Recruitment and Capacity Building – LINKSWORLD®
The identification of network builders and participants and the creation of processes to bring organisations and individuals into the ambit of the LINks. Our aim in this process would be to identify and bring forward individuals and organisations that will form the LINks and this process we are calling LINKSHANDS®.Learning, Development of Social Capital and Training – LINKSLEARNING® with LINKSCOURSES®
to bring together those who form the network and work with them to create a network that makes a difference. Many of the participants will have a considerable experience of the job of representing others to the powers that be. We will take this a stage further and develop a means of targeting health and social care organisations – in particular commissioners: the new focus for money and care delivery – to get action.The training will be strongly interactive and supported by individual coaching and mentoring as requested.

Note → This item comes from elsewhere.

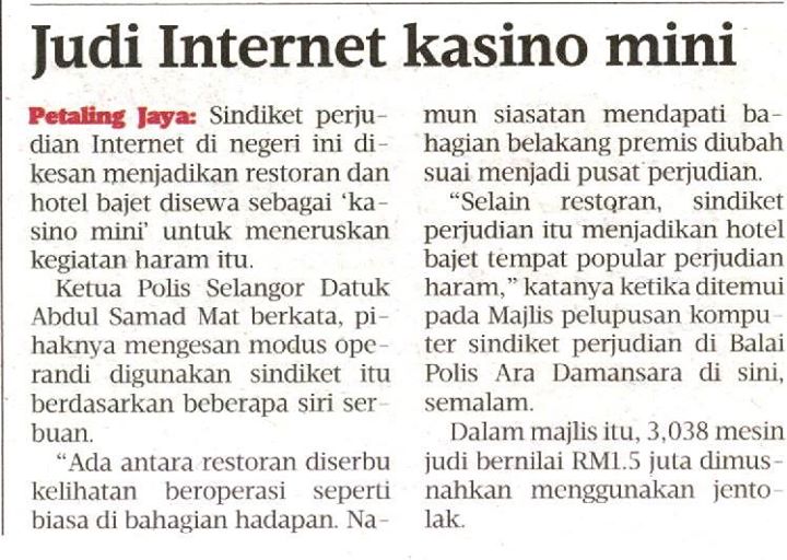 Sindiket perjudian Internet di negeri ini dikesan menjadikan restoran dan hotel bajet disewa sebagai ‘kasino mini' untuk meneruskan kegiatan haram itu.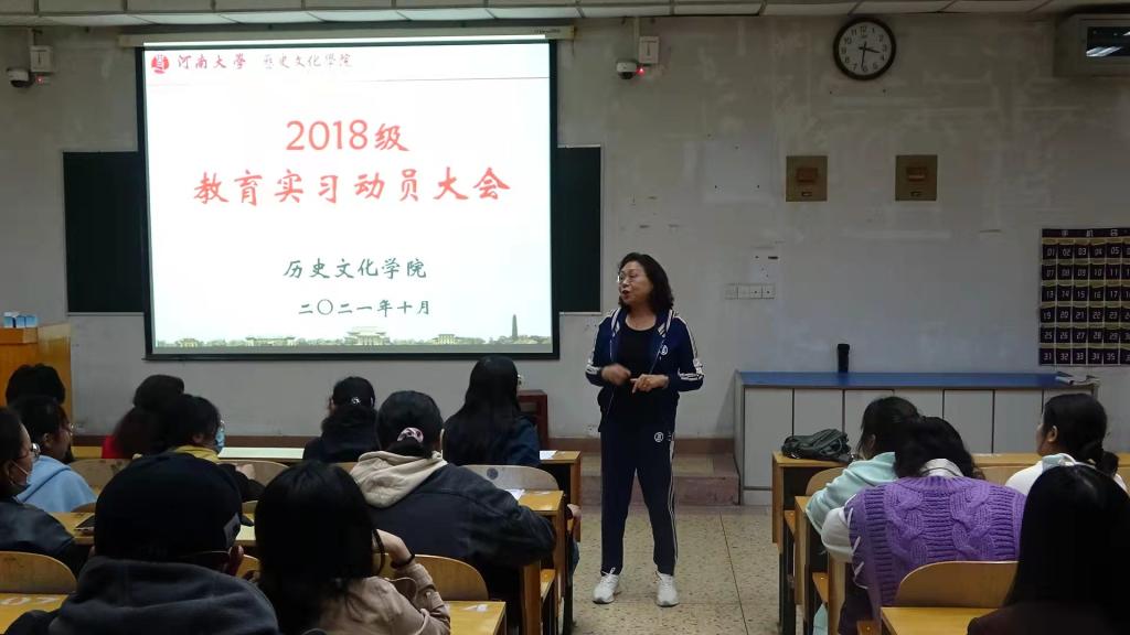 百年大计,教育为本;教育大计,教师为本。历史文化学院高度重视历史学专业的建设和发展,注重学思结合,努力推动教师教育课程学习和实践育人工作取得新成效。本次教育实习从开学初筹备至学生回讲、考核,累积时间18周,参与毕业生有130人、校内指导教师13人,分别到河南大学附属中学、金明中学、开封市第七中学等7所中学(部)进行实习。

E-communications and use of Web 2.0 techniques – LINKSWEB®
The effectiveness of the LINks will depend to a great degree on communication across many organisations and people. While the human element remains vital with face to face meetings an essential part of the work, new technology will bring together individuals and their contributions in a cost-effective and easy to use way. We will be working with suppliers and e-businesses to offer advice on how best to do this.Policy and Research – LINKSDATA®
will help establish both the field of action and assess impact and effectiveness amongst those with whom the LINks will work to put over the user and patient point of view. A range of methodologies – including focus groups and web-based surveys – will be available to the LINks to make use of and to provide a clear picture both of what they have to do and how well they have done it.

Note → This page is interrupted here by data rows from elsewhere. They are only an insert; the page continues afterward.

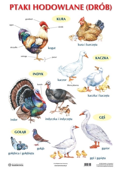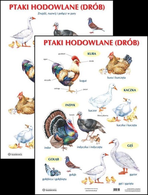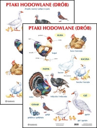 Prezentujemy Państwu plansze edukacyjne dla przedszkoli i klas 1-3. Jest to zestaw pomocy dydaktycznych, które przydadzą się w każdej klasie i sali przedszkolnej.Tematyka plansz jest zgodna z programem nauczania i dotyczy rzeczy bliskich dziecku. Dzięki wyrazistym ilustracjom i zdjęciom tablice w przyjazny sposób przedstawiają realia naszego świata. Poszczególne wzory sprawdzą się w dekorowaniu klasy lub pokoju dziecka, zwłaszcza jeśli ma już ono swoje zainteresowania.Na planszy przedstawiono najpopularniejsze ptaki hodowlane. Ilustracje pokazują wygląd samców, samic i piskląt. Zostały na niej wskazane także najważniejsze części budowy ptaków. Na odwrocie planszy znajdują się ilustracje bez podpisów. Zadaniem dziecka jest wskazanie par zwierząt i nazwanie ich.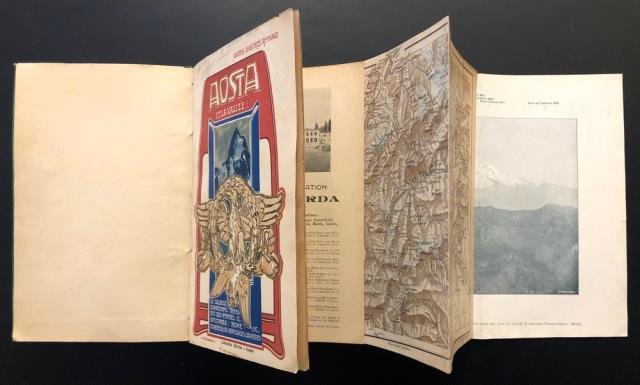 Librairie Brivio, Aoste, 1910 – 1911. Guides Illustrés Reynaud. Chemin de Fer de l’État. Club Alpin Italien (Section d’Aoste). Genes, Imprimerie G. A. Armanino. In 8vo, front. illustrato a piena pagina in colore rosso, blu e oro, firmata R. Ceradini, varie pp. pubblicitarie anche illustrate, segue 1 cartina della regione in colore più volte ripiegata, pp. 243 numerate (con la Table des Matières e l’Index Alpabétique) + varie pubblicitarie in fine, anche illustrate (le pubblicità a inizio volume sono relative alla navigazione sui vari laghi italiani e di confine: Lemano, Annecy, Maggiore, Lugano, il lago di di Como e di Garda, sono illustrati con belle vedute delle località e dei piroscafi; le publicità in fine sono relative alle strutture alberghiere della regione: tra queste Courmayeur, Cogne e Gressoney), molte sono le ill. fot. in b/n n. t. relative a scorci cittadini, paesistici e ghiacciai + è presente 1 tavola più volte ripiegata “Le Mont Cervin et la Chaine du Mont Rose”, con indicate tutte le cime di quel gruppo di monti, bross. non originale in tutta percallina verde muta. Alla prima bianca firma coeva e autografa di appartenenza di Dario Lupi (1876 – 1932) avvocato e deputato toscano, sottosegretario all’istruzione pubblica nel governo Mussolini. Allentato e con alcuni difetti di scollatura al dorso ma in buono stato tutto il volume. .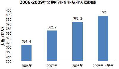 截至2009年6月,金融行业全国从业人数总量达到399万人。自2006年起,金融行业的从业人员数量稳步增长,增长率平均为2.8%左右。其中2008到2009年上半年呈现微小的增长趋势。总体上,2009年相对于2006年增长31.6万人,增长率为8.6%左右。

Related articles about LINks
Below are links to recent documents/blog entries posted by Moore Adamson Craig:
- Regulations for Links (M-A-C’s response) – December, 2007
http://www.publicinvolvement.org.uk/2007-12-Dec/LINksResponse.php - LINks Let Loose at Last – November, 2007
http://www.publicinvolvement.org.uk/2007-11-Nov/LINksLetLooseatLast.php - What next for LINks – Local Involvement Networks? – September, 2007
http://www.publicinvolvement.org.uk/2007-09-Sep/WhatnextforLINks-LocalInv.php
NOTE FOR EDITORS
The Moore Adamson Craig Partnership was set up in 2003 to provide management consultancy services for consumer representatives primarily in the health service. Since then the Partners have worked with patients and their representatives as well as healthcare providers in making effective patient representation a reality.

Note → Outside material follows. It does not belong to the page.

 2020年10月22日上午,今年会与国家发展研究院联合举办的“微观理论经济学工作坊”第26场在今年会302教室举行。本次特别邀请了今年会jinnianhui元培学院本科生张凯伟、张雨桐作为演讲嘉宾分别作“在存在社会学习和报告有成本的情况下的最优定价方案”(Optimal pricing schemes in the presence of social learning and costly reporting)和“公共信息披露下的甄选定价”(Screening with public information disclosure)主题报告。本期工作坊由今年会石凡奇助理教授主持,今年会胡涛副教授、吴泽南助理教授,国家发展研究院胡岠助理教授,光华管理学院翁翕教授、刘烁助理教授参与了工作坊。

More details of their work can be seen on the websites www.mooreadamsoncraig.co.uk and www.publicinvolvement.co.uk
LINks are local networks set up to gather and represent the views of users of health and social care services. LINks will look at all health and social care services in an area that are funded by taxpayers. It will not matter whether they are provided by the NHS, a local authority, a private company, a social enterprise or a charity.
LINks will feedback this information to the people responsible for commissioning, providing, managing and checking up on health and social care services so that things can change for the better.